→ **What you are asked to do**: All pictures are to be omitted while the lines starting at the line with "cats flying war" and ending at the line with "组织:儿童年龄、身高和体重生长标准(女孩)" in the material below are retyped exactly, both ends included.

→ **Records for this exercise**:
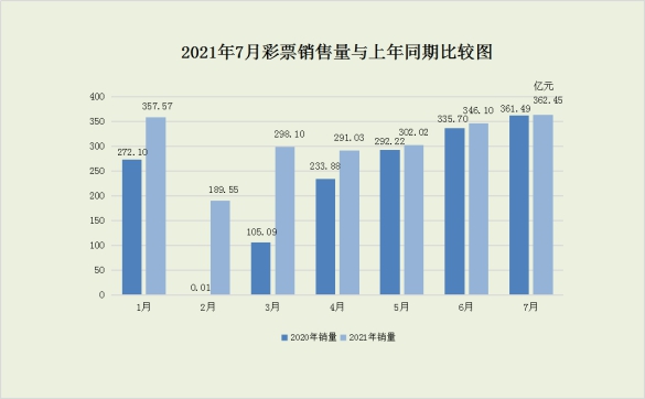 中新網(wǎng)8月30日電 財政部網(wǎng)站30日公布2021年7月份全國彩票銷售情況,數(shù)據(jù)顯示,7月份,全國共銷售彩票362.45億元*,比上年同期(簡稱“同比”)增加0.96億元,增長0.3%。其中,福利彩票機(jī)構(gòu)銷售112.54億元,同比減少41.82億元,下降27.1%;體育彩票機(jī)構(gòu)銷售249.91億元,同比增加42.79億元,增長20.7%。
---
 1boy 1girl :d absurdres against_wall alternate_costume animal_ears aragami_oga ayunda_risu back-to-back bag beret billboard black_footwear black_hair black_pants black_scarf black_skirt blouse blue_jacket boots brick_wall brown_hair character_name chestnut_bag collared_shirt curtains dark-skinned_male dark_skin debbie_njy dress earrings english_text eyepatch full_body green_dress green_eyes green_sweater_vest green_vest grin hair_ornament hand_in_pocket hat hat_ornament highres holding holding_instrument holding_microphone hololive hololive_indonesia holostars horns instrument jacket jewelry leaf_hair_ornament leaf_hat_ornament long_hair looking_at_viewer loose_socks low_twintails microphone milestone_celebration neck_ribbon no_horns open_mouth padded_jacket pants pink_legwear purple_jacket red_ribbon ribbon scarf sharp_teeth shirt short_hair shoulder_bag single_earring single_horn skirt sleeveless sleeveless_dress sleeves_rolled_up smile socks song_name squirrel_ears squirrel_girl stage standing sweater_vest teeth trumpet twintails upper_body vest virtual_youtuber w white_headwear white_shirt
* * *
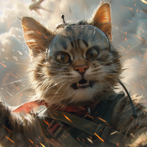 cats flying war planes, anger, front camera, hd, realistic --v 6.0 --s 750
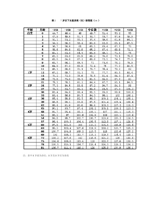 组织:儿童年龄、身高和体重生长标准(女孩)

→ **Answer to the problem**:
 cats flying war planes, anger, front camera, hd, realistic --v 6.0 --s 750
 组织:儿童年龄、身高和体重生长标准(女孩)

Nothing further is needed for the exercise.